Attached is a patch which moves the messages to ProcSleep(). To do this I had
to move the semaphore signal to unconditionally be signalled whenever
CheckDeadLock() is called regardless of whether it finds a hard deadlock. I'm
not 100% sure that's correct but afaik we only use semaphores to signal state
changes and deal with spurious semaphore firings everywhere.

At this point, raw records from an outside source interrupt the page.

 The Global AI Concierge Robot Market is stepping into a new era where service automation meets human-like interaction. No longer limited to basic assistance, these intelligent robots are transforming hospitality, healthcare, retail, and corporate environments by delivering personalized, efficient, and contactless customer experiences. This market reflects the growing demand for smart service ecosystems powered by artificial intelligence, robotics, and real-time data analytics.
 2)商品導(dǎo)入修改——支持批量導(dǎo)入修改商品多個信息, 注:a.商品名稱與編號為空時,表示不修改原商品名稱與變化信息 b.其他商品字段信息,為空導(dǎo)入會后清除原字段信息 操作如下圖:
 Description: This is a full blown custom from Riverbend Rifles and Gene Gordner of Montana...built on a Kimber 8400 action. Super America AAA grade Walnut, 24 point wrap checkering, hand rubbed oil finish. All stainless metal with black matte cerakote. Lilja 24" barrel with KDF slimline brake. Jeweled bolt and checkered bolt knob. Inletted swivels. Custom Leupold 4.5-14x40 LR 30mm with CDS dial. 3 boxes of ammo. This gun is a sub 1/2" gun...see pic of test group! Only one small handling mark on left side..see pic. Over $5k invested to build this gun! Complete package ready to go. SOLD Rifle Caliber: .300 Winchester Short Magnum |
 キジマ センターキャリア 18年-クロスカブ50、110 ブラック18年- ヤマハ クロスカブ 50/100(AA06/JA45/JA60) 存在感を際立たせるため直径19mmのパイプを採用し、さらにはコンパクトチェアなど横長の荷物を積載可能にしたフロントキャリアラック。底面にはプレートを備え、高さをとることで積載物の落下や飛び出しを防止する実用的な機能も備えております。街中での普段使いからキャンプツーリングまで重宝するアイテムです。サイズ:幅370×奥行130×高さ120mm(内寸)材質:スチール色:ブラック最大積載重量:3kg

Incidentally in looking at this I found that the "early deadlock detection"
never seems to fire. Reading the source it seems it ought to be firing
whenever we have a simple two-process deadlock. But instead I only get the
timeout-based detection.


--
  Gregory Stark
  EnterpriseDB          http://www.enterprisedb.com

Attachment

Re: [HACKERS] 'Waiting on lock'

From
Gregory Stark
Date:
"Gregory Stark" <stark@enterprisedb.com> writes:

> Incidentally in looking at this I found that the "early deadlock detection"
> never seems to fire. Reading the source it seems it ought to be firing
> whenever we have a simple two-process deadlock. But instead I only get the
> timeout-based detection.

Ok, I understand now that early deadlock detection only kicks in when doing
something like LOCK TABLE and even then only if you're deadlocking because
you're upgrading a lock. So this works as intended though it's much less
useful than I thought.

--
  Gregory Stark
  EnterpriseDB          http://www.enterprisedb.com


Re: [HACKERS] 'Waiting on lock'

From
Tom Lane
Date:
Gregory Stark <stark@enterprisedb.com> writes:
> Ok, I understand now that early deadlock detection only kicks in when doing
> something like LOCK TABLE and even then only if you're deadlocking because
> you're upgrading a lock. So this works as intended though it's much less
> useful than I thought.

Yeah, that path is not really intended as an optimization, it's just the
simplest way to clean up correctly at that point, per the comment.  The
part of the whole business that actually *is* useful is where we decide
we should grant ourselves the lock immediately --- if we eliminated that
whole loop and just always queued at the end of the list, we'd still get
the lock, but not till after the deadlock check delay had elapsed.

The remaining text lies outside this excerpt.